DATA:
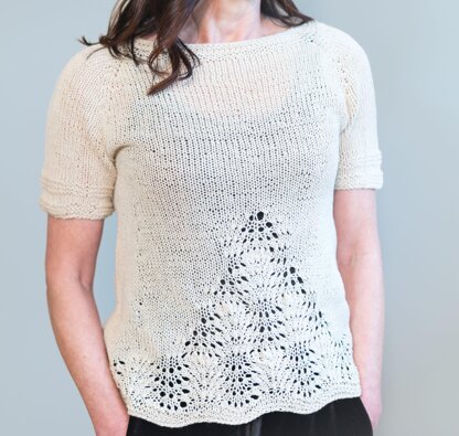I never tire of the Feather and Fan lace pattern, it is one of my favorites! It is used in this A-line tee to decorate the front and bottom border. The sample was made with Anzula Vera, one of my favorite non wool blends that is a silk and linen mix with a lovely drape! Grab your needles for tee time!
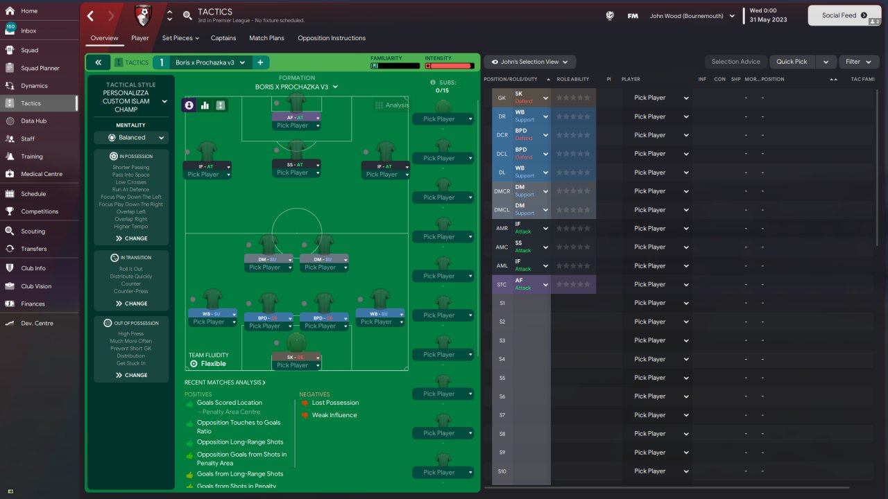 Right so the version of Boris x Prochazka that I uploaded yesterday didn't work that well with all of the additional player instructions. So I have a new version which is the same, but removes all player instructions to see how it does without any. The objective of this is to see the impact that @Delicious player instructions have on the tactic.
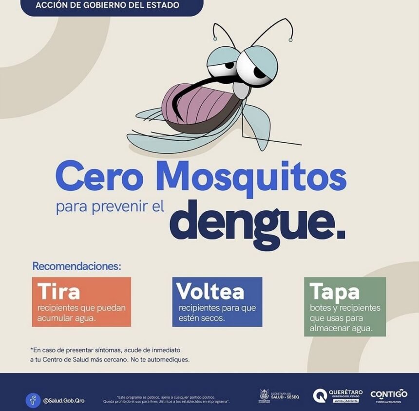 La Secretaría de Salud (SESA) del estado de Querétaro, exhorta a la población a adoptar y reforzar las medidas preventivas ante el incremento en el número de casos de dengue en México. Es fundamental eliminar todo tipo de criaderos de mosquitos, protegerse de las picaduras y solicitar atención médica oportuna en caso de presentar síntomas.
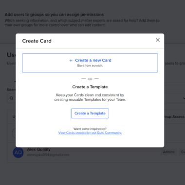 Una volta cliccato sull’opzione “Crea una scheda” nell’angolo in alto a destra, avrai due opzioni per iniziare a scrivere il tuo primo articolo. Puoi iniziare a scrivere una nuova scheda completamente da zero o creare un modello. C’è anche la possibilità di trovare ispirazione per la creazione di schede o modelli visitando la community di Guru. Ho testato entrambe le opzioni – creazione di una nuova scheda e creazione di un modello – e funzionano più o meno allo stesso modo, con alcune piccole differenze.
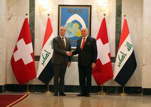 (251023) -- BAGDAD, 23 octubre, 2025 (Xinhua) -- El ministro de Relaciones Exteriores iraquí, Fuad Hussein (d), y el consejero federal y ministro de Asuntos Exteriores de Suiza, Ignazio Cassis (i), estrechan las manos, en Bagdad, Irak, el 23 de octubre de 2025. El primer ministro iraquí, Mohammed Shia' al-Sudani, se reunió el jueves con una delegación suiza de alto nivel para discutir la mejora de la cooperación bilateral y atraer inversiones suizas en los principales proyectos de desarrollo iraquíes, en particular la iniciativa de la Ruta del Desarrollo. (Xinhua/Khalil Dawood) (rtg) (ra) (ce)

THE TASK:
A word-for-word copy is needed, starting at the first line of the listing and ending with the line bearing "Una volta cliccato". No pictures.

OUTPUT:
I never tire of the Feather and Fan lace pattern, it is one of my favorites! It is used in this A-line tee to decorate the front and bottom border. The sample was made with Anzula Vera, one of my favorite non wool blends that is a silk and linen mix with a lovely drape! Grab your needles for tee time!
 Right so the version of Boris x Prochazka that I uploaded yesterday didn't work that well with all of the additional player instructions. So I have a new version which is the same, but removes all player instructions to see how it does without any. The objective of this is to see the impact that @Delicious player instructions have on the tactic.
 La Secretaría de Salud (SESA) del estado de Querétaro, exhorta a la población a adoptar y reforzar las medidas preventivas ante el incremento en el número de casos de dengue en México. Es fundamental eliminar todo tipo de criaderos de mosquitos, protegerse de las picaduras y solicitar atención médica oportuna en caso de presentar síntomas.
 Una volta cliccato sull’opzione “Crea una scheda” nell’angolo in alto a destra, avrai due opzioni per iniziare a scrivere il tuo primo articolo. Puoi iniziare a scrivere una nuova scheda completamente da zero o creare un modello. C’è anche la possibilità di trovare ispirazione per la creazione di schede o modelli visitando la community di Guru. Ho testato entrambe le opzioni – creazione di una nuova scheda e creazione di un modello – e funzionano più o meno allo stesso modo, con alcune piccole differenze.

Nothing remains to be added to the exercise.